● **Data entries**
--

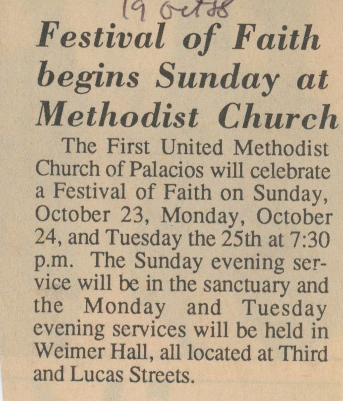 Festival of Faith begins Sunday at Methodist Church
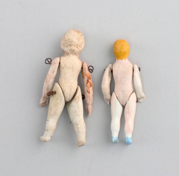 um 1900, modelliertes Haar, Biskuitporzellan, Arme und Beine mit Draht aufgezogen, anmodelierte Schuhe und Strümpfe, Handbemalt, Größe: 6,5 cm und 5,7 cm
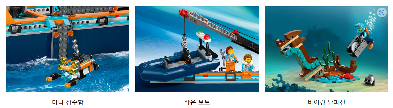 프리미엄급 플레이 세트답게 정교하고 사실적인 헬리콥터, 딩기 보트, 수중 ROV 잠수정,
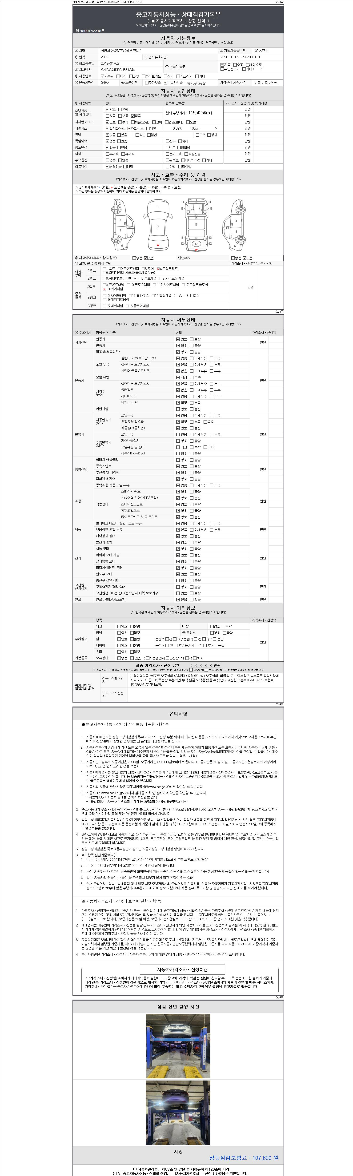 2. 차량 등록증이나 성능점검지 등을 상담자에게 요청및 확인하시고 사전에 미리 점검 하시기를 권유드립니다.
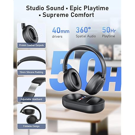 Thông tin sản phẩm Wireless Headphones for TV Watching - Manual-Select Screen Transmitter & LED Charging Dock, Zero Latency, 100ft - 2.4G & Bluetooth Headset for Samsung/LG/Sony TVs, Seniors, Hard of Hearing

--

● **WORK TASK**
An exact copy of every entry above is needed, minus the pictures.

● **FINISHED TASK**
 Festival of Faith begins Sunday at Methodist Church
 um 1900, modelliertes Haar, Biskuitporzellan, Arme und Beine mit Draht aufgezogen, anmodelierte Schuhe und Strümpfe, Handbemalt, Größe: 6,5 cm und 5,7 cm
 프리미엄급 플레이 세트답게 정교하고 사실적인 헬리콥터, 딩기 보트, 수중 ROV 잠수정,
 2. 차량 등록증이나 성능점검지 등을 상담자에게 요청및 확인하시고 사전에 미리 점검 하시기를 권유드립니다.
 Thông tin sản phẩm Wireless Headphones for TV Watching - Manual-Select Screen Transmitter & LED Charging Dock, Zero Latency, 100ft - 2.4G & Bluetooth Headset for Samsung/LG/Sony TVs, Seniors, Hard of Hearing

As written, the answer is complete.